Aim of the exercise => Print back each record unchanged, without pictures.

Start of Material for the task

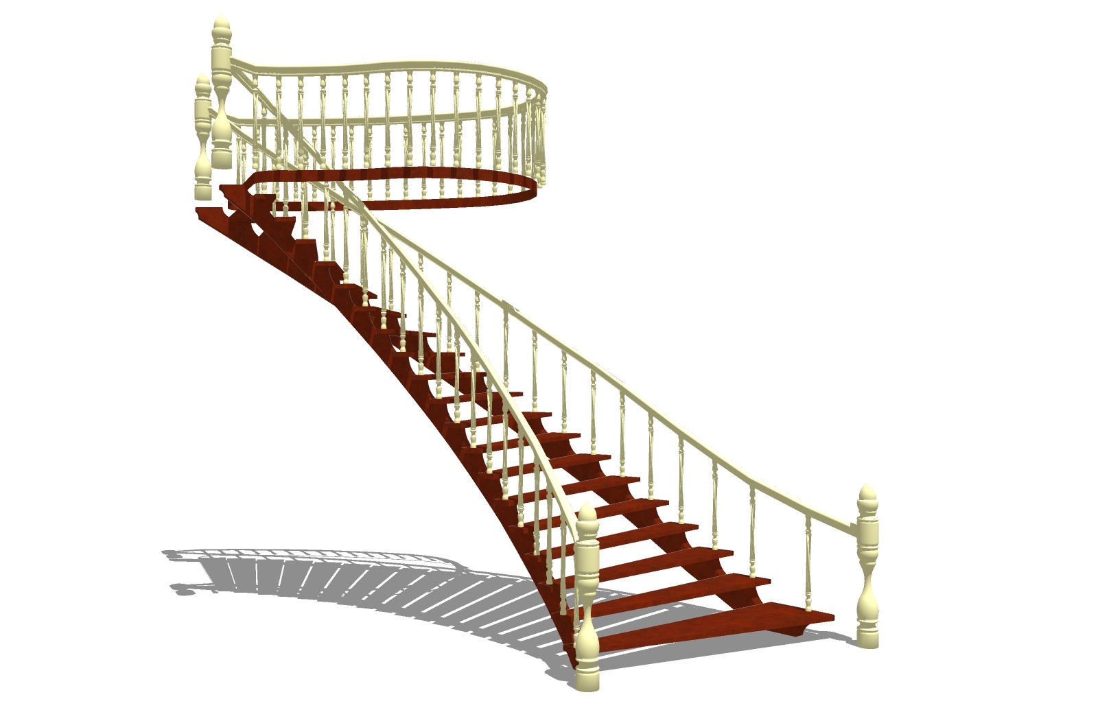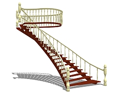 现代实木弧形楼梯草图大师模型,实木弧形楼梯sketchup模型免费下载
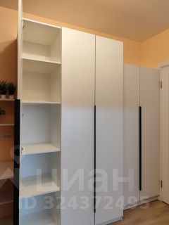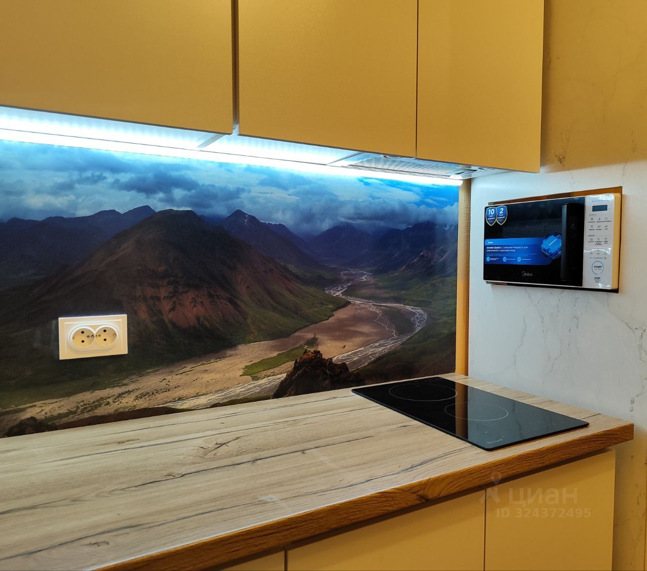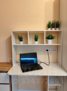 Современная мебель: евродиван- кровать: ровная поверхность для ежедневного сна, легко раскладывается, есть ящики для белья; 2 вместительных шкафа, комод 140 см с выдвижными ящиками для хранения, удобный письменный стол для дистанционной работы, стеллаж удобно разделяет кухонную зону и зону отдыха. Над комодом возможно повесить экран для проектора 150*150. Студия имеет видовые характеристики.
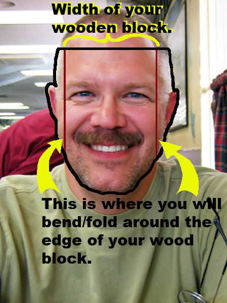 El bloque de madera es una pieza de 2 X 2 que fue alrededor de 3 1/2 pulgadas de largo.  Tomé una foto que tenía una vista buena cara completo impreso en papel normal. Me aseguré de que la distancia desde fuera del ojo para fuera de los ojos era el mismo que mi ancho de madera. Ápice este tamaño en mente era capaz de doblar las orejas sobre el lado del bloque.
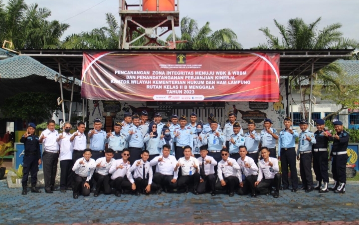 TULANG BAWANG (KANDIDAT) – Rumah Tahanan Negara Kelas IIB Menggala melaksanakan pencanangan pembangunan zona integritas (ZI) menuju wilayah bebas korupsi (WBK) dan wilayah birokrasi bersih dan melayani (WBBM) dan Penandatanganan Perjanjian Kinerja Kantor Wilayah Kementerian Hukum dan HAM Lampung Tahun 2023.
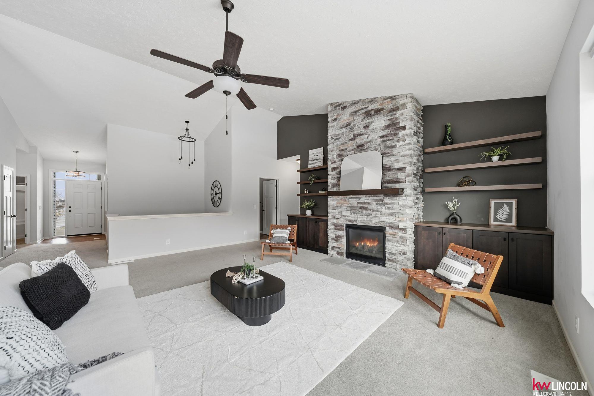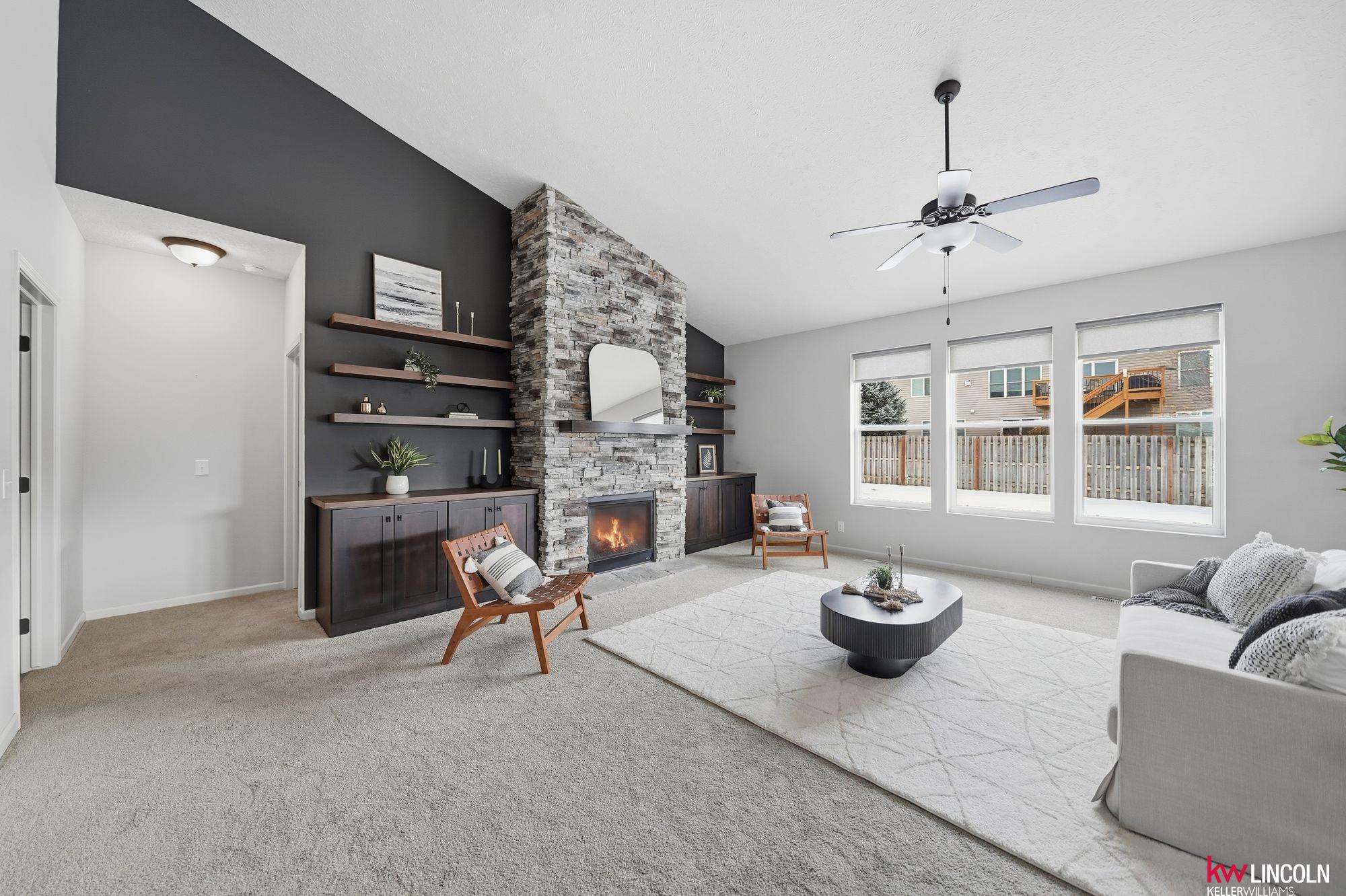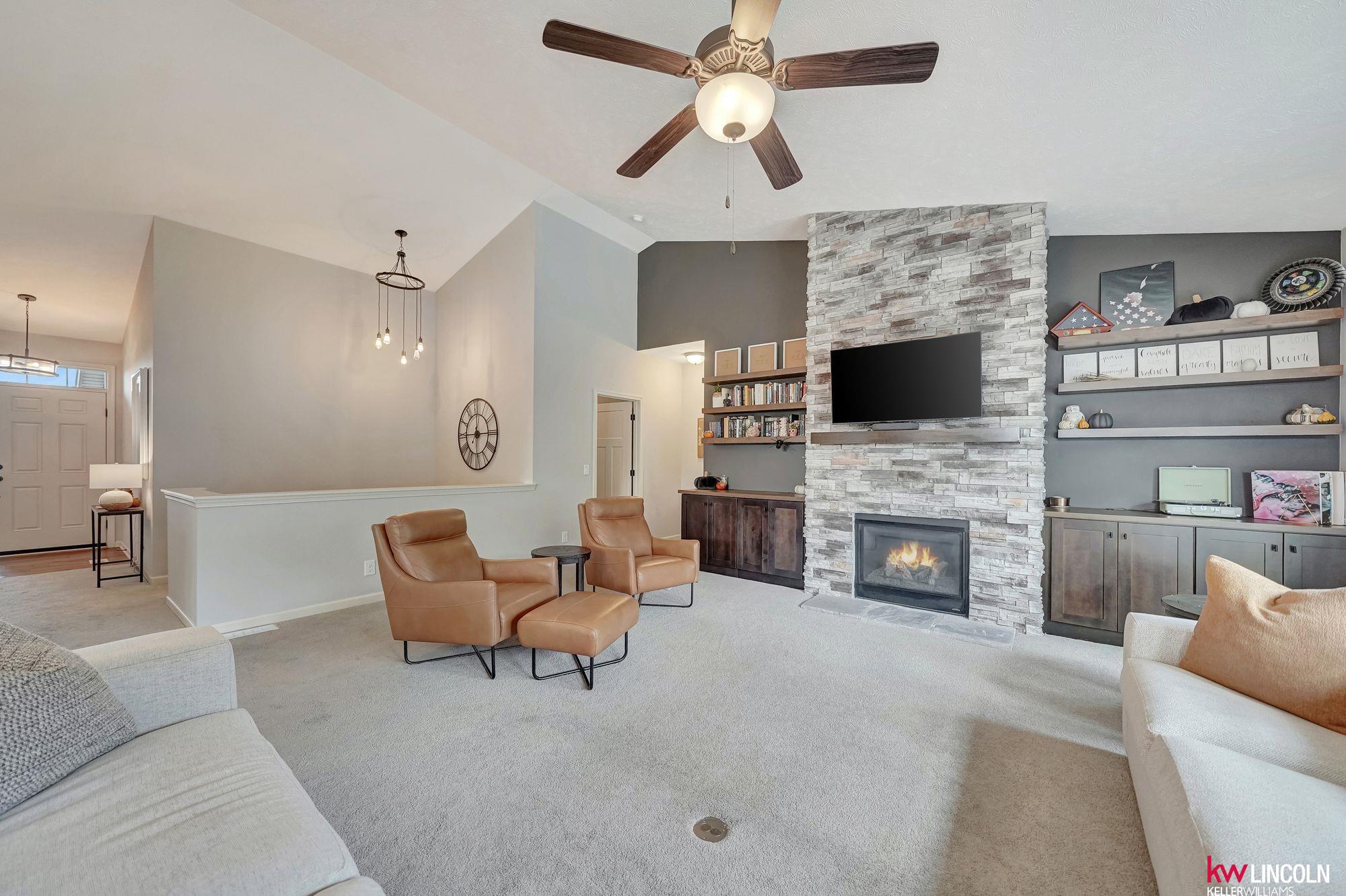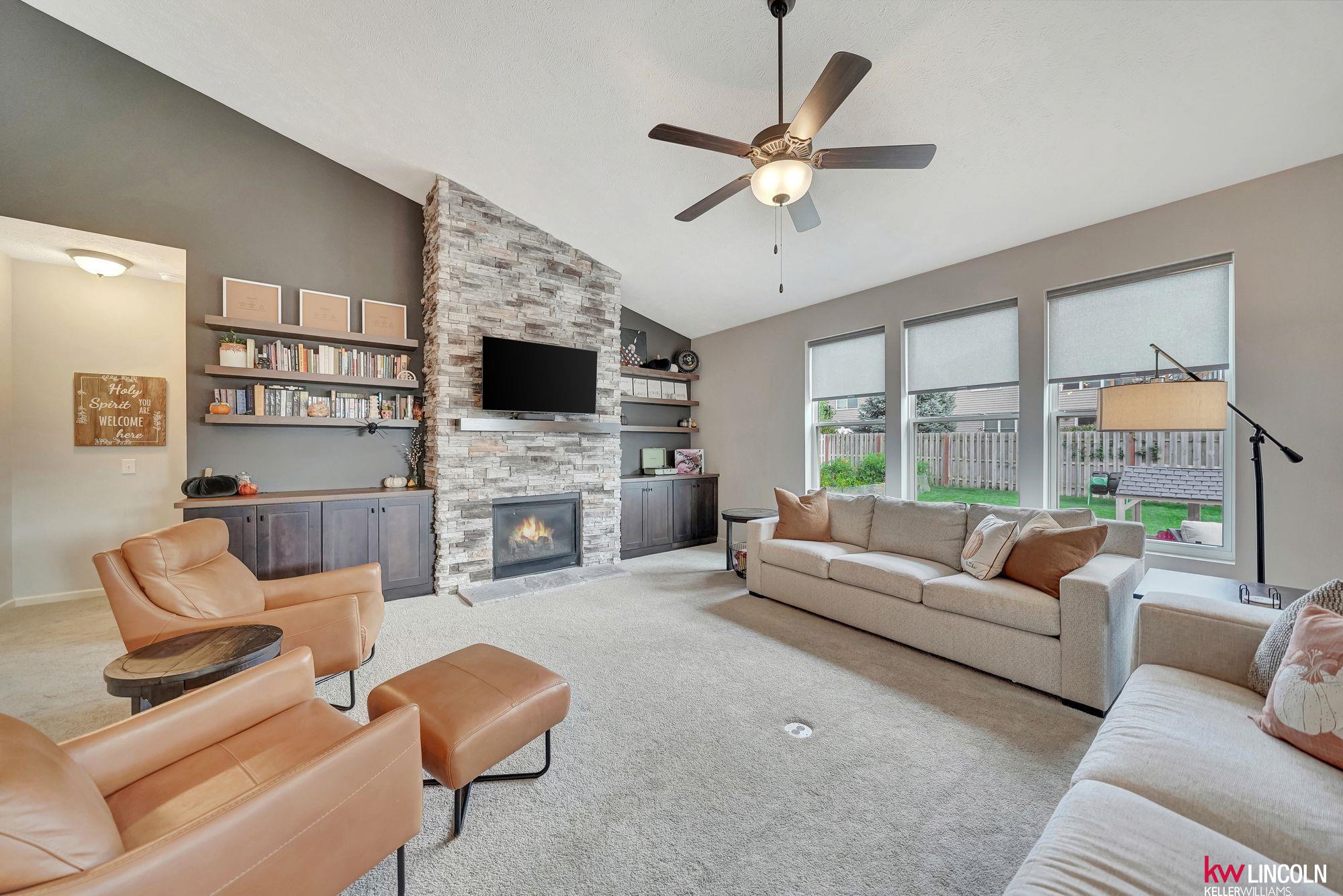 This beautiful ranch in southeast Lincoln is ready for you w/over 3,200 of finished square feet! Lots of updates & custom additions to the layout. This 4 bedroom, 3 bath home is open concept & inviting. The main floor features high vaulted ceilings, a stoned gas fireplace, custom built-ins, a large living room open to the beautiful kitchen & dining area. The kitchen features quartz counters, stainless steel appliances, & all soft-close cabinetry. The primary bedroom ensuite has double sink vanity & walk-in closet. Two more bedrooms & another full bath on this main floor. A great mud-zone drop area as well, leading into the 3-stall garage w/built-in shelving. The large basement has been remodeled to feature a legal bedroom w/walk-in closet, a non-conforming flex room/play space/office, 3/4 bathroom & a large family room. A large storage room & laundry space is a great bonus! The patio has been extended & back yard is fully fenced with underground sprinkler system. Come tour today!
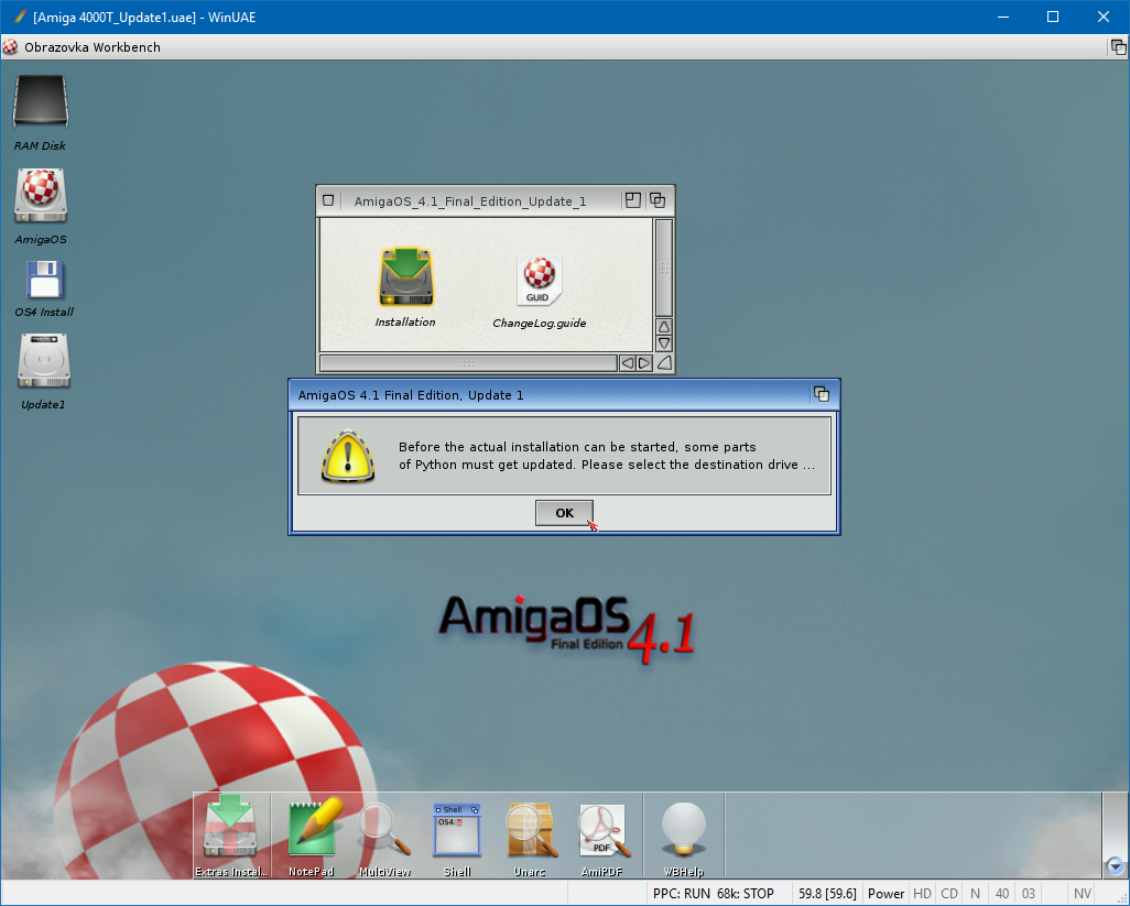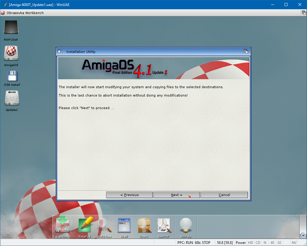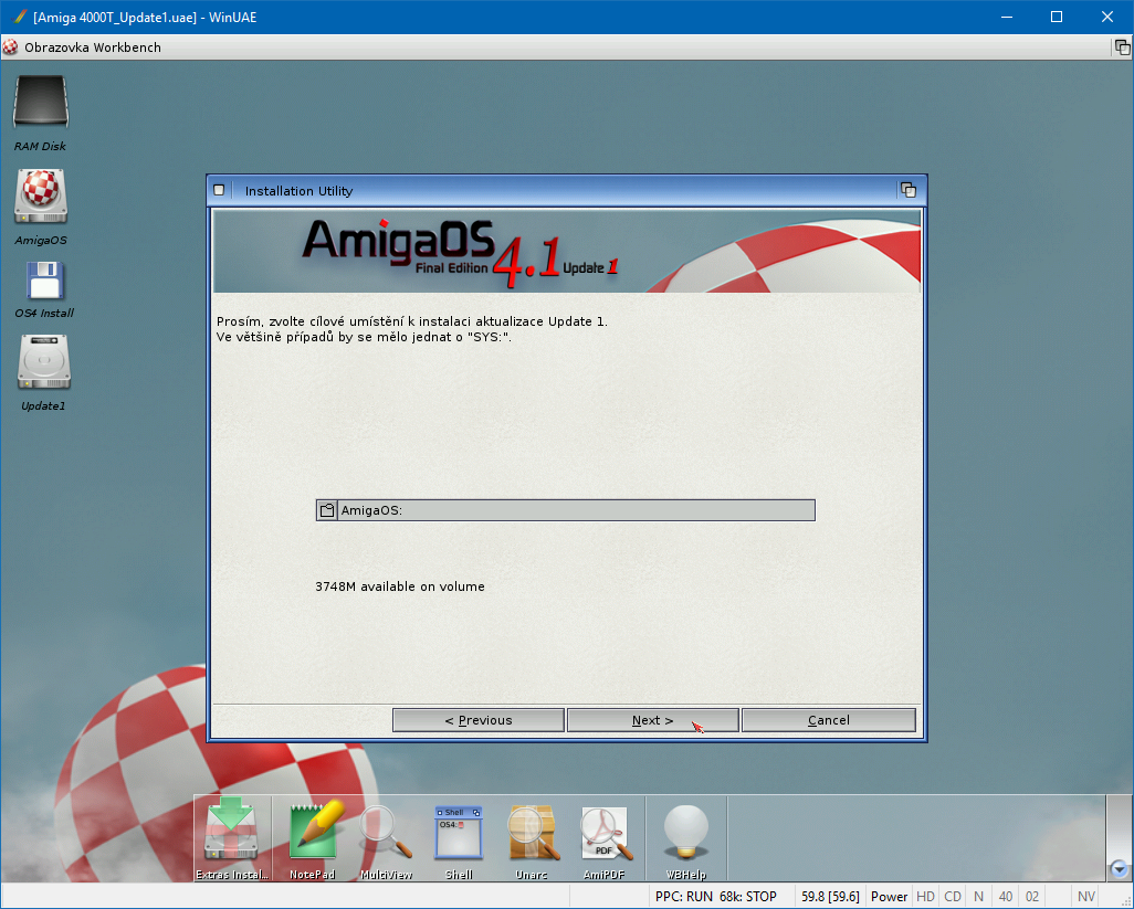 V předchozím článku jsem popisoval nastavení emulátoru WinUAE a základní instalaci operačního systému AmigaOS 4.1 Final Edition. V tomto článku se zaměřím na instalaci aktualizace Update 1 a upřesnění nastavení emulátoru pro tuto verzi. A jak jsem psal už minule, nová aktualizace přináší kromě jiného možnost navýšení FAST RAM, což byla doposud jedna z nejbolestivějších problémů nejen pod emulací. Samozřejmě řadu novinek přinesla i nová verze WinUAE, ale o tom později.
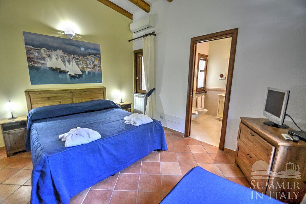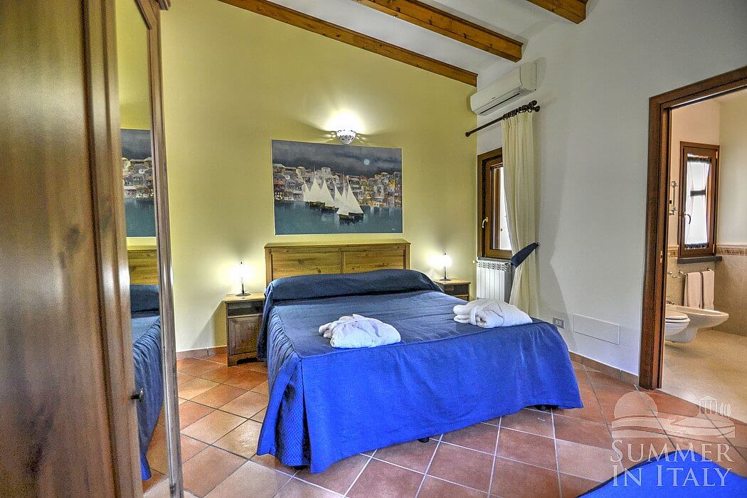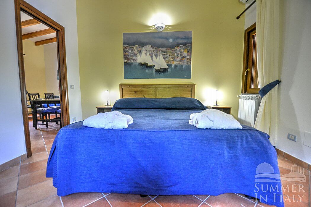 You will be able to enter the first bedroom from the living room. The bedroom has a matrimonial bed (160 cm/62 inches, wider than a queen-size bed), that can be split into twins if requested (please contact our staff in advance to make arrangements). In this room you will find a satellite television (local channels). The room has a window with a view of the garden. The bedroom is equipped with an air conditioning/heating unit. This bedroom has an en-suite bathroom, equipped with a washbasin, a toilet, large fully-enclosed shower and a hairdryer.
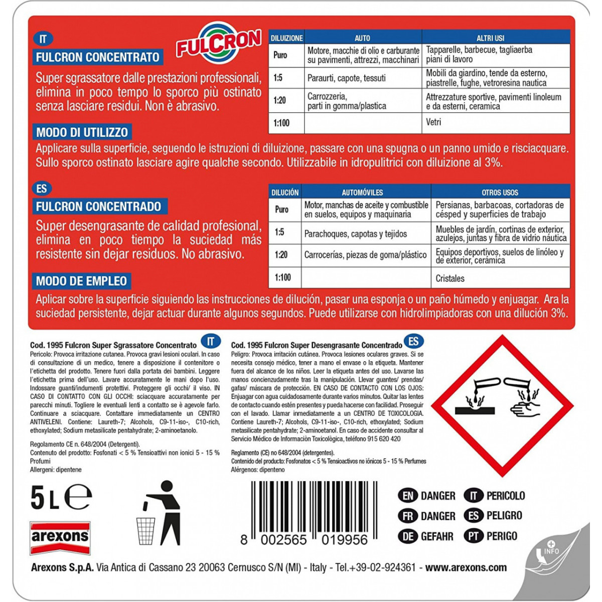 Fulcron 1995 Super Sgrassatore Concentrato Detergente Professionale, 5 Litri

End of Material for the task

Final answer =>
 现代实木弧形楼梯草图大师模型,实木弧形楼梯sketchup模型免费下载
 Современная мебель: евродиван- кровать: ровная поверхность для ежедневного сна, легко раскладывается, есть ящики для белья; 2 вместительных шкафа, комод 140 см с выдвижными ящиками для хранения, удобный письменный стол для дистанционной работы, стеллаж удобно разделяет кухонную зону и зону отдыха. Над комодом возможно повесить экран для проектора 150*150. Студия имеет видовые характеристики.
 El bloque de madera es una pieza de 2 X 2 que fue alrededor de 3 1/2 pulgadas de largo.  Tomé una foto que tenía una vista buena cara completo impreso en papel normal. Me aseguré de que la distancia desde fuera del ojo para fuera de los ojos era el mismo que mi ancho de madera. Ápice este tamaño en mente era capaz de doblar las orejas sobre el lado del bloque.
 TULANG BAWANG (KANDIDAT) – Rumah Tahanan Negara Kelas IIB Menggala melaksanakan pencanangan pembangunan zona integritas (ZI) menuju wilayah bebas korupsi (WBK) dan wilayah birokrasi bersih dan melayani (WBBM) dan Penandatanganan Perjanjian Kinerja Kantor Wilayah Kementerian Hukum dan HAM Lampung Tahun 2023.
 This beautiful ranch in southeast Lincoln is ready for you w/over 3,200 of finished square feet! Lots of updates & custom additions to the layout. This 4 bedroom, 3 bath home is open concept & inviting. The main floor features high vaulted ceilings, a stoned gas fireplace, custom built-ins, a large living room open to the beautiful kitchen & dining area. The kitchen features quartz counters, stainless steel appliances, & all soft-close cabinetry. The primary bedroom ensuite has double sink vanity & walk-in closet. Two more bedrooms & another full bath on this main floor. A great mud-zone drop area as well, leading into the 3-stall garage w/built-in shelving. The large basement has been remodeled to feature a legal bedroom w/walk-in closet, a non-conforming flex room/play space/office, 3/4 bathroom & a large family room. A large storage room & laundry space is a great bonus! The patio has been extended & back yard is fully fenced with underground sprinkler system. Come tour today!
 V předchozím článku jsem popisoval nastavení emulátoru WinUAE a základní instalaci operačního systému AmigaOS 4.1 Final Edition. V tomto článku se zaměřím na instalaci aktualizace Update 1 a upřesnění nastavení emulátoru pro tuto verzi. A jak jsem psal už minule, nová aktualizace přináší kromě jiného možnost navýšení FAST RAM, což byla doposud jedna z nejbolestivějších problémů nejen pod emulací. Samozřejmě řadu novinek přinesla i nová verze WinUAE, ale o tom později.
 You will be able to enter the first bedroom from the living room. The bedroom has a matrimonial bed (160 cm/62 inches, wider than a queen-size bed), that can be split into twins if requested (please contact our staff in advance to make arrangements). In this room you will find a satellite television (local channels). The room has a window with a view of the garden. The bedroom is equipped with an air conditioning/heating unit. This bedroom has an en-suite bathroom, equipped with a washbasin, a toilet, large fully-enclosed shower and a hairdryer.
 Fulcron 1995 Super Sgrassatore Concentrato Detergente Professionale, 5 Litri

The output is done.